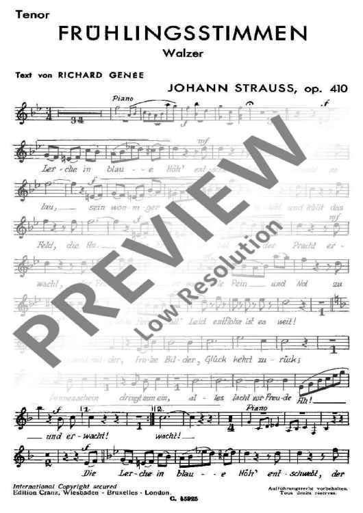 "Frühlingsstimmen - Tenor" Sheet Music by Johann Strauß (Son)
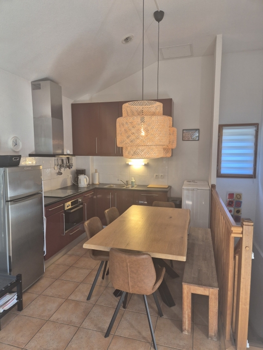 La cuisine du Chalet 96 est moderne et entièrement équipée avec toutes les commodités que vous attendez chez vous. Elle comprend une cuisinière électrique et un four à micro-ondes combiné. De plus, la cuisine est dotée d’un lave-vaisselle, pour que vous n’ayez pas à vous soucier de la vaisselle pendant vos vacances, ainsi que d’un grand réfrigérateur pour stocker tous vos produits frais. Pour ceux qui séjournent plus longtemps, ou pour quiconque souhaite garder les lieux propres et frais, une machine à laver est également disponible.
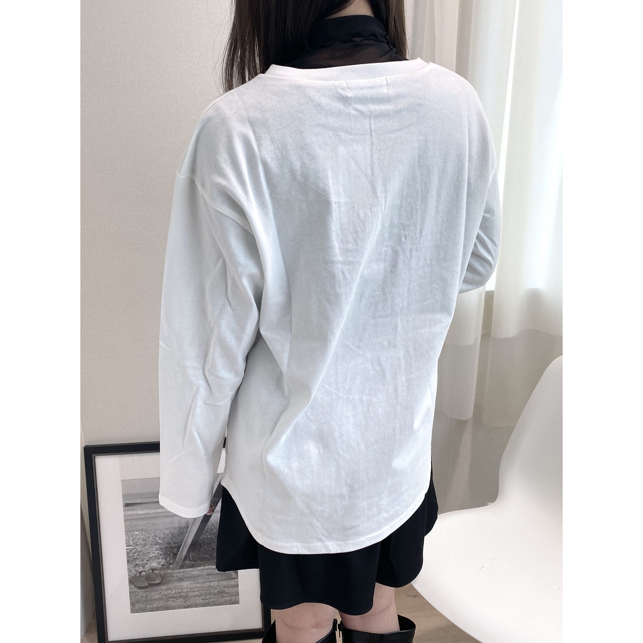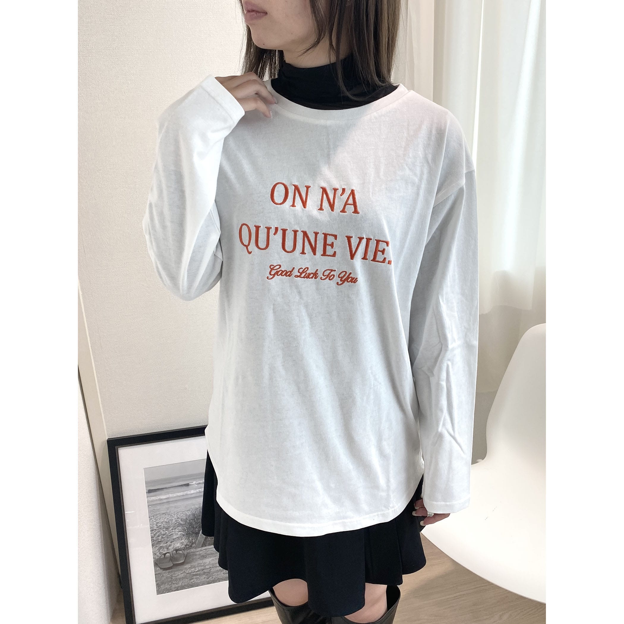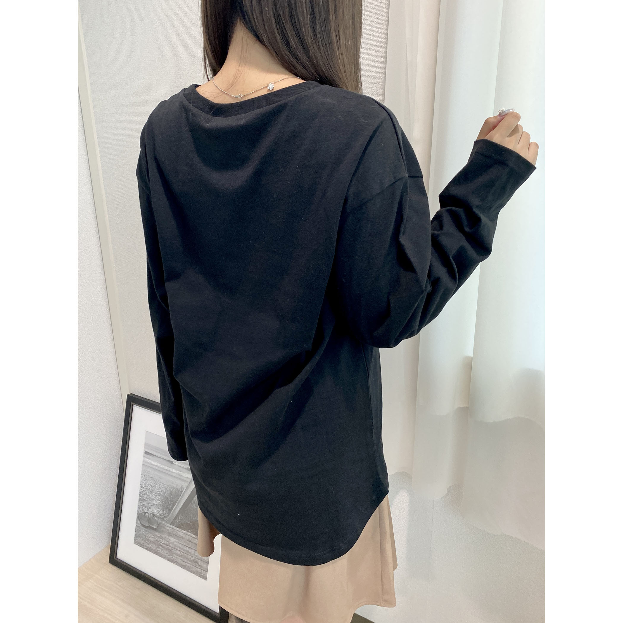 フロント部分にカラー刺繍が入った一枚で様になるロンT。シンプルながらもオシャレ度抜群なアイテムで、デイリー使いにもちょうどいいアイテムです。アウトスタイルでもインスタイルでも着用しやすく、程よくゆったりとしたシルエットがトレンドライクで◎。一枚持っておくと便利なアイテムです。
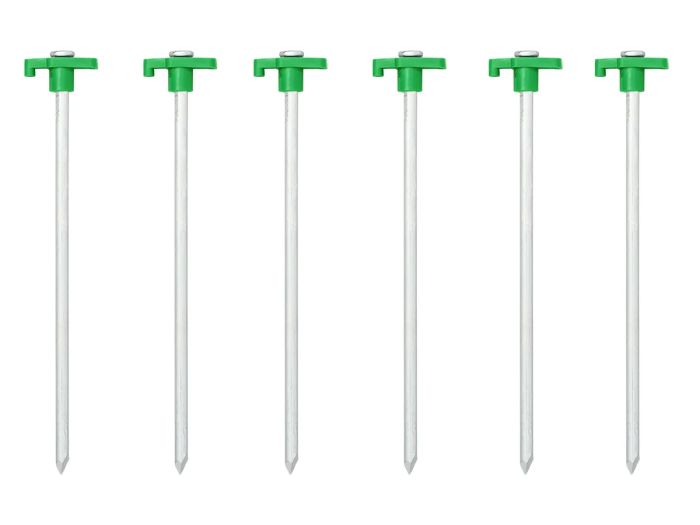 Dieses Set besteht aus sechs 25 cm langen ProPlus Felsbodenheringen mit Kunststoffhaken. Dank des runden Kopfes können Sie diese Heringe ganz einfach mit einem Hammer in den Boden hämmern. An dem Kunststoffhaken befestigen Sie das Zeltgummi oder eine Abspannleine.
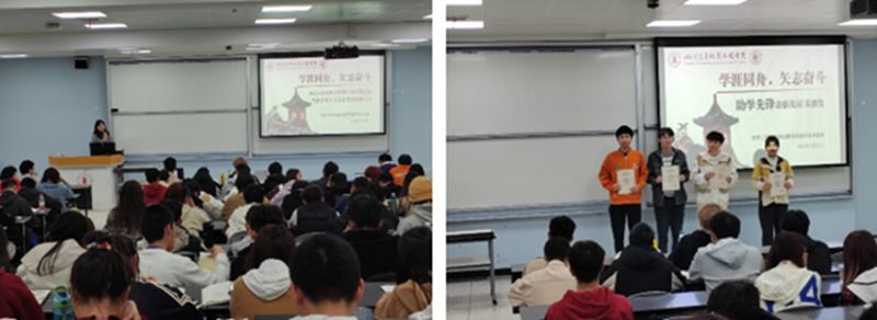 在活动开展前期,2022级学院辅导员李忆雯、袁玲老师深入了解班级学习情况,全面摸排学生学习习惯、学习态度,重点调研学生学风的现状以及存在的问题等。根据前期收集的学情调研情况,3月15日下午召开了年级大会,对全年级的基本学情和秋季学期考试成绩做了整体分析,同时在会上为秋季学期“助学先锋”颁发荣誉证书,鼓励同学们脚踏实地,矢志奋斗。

---

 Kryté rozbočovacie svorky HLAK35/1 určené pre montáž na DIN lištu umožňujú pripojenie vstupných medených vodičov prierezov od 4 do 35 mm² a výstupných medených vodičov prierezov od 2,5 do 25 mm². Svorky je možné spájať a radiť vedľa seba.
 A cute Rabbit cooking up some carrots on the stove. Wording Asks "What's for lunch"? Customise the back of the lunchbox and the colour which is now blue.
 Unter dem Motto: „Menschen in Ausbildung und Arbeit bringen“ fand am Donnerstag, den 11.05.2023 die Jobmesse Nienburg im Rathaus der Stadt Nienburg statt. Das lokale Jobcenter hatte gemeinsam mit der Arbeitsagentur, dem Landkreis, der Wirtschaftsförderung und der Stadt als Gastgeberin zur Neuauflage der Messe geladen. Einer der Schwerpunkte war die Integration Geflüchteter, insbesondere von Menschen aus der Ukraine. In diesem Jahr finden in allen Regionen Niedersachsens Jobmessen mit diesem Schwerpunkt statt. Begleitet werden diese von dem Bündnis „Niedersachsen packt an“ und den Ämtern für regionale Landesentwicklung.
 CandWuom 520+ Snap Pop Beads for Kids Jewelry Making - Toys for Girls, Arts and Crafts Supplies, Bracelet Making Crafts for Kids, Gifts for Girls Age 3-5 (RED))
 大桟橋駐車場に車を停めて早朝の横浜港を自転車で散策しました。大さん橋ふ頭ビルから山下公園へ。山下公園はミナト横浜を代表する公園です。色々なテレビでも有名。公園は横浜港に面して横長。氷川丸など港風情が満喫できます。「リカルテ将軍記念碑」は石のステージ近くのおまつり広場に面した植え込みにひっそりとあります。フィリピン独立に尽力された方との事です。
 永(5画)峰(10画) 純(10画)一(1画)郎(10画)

■ Work item
What is needed is an exact copy of the lines above, from the one holding "フロント部分にカラー刺繍が入" down to the one holding "在活动开展前期,2022级学", with those two included and the pictures left out.

■ Expected answer
 フロント部分にカラー刺繍が入った一枚で様になるロンT。シンプルながらもオシャレ度抜群なアイテムで、デイリー使いにもちょうどいいアイテムです。アウトスタイルでもインスタイルでも着用しやすく、程よくゆったりとしたシルエットがトレンドライクで◎。一枚持っておくと便利なアイテムです。
 Dieses Set besteht aus sechs 25 cm langen ProPlus Felsbodenheringen mit Kunststoffhaken. Dank des runden Kopfes können Sie diese Heringe ganz einfach mit einem Hammer in den Boden hämmern. An dem Kunststoffhaken befestigen Sie das Zeltgummi oder eine Abspannleine.
 在活动开展前期,2022级学院辅导员李忆雯、袁玲老师深入了解班级学习情况,全面摸排学生学习习惯、学习态度,重点调研学生学风的现状以及存在的问题等。根据前期收集的学情调研情况,3月15日下午召开了年级大会,对全年级的基本学情和秋季学期考试成绩做了整体分析,同时在会上为秋季学期“助学先锋”颁发荣誉证书,鼓励同学们脚踏实地,矢志奋斗。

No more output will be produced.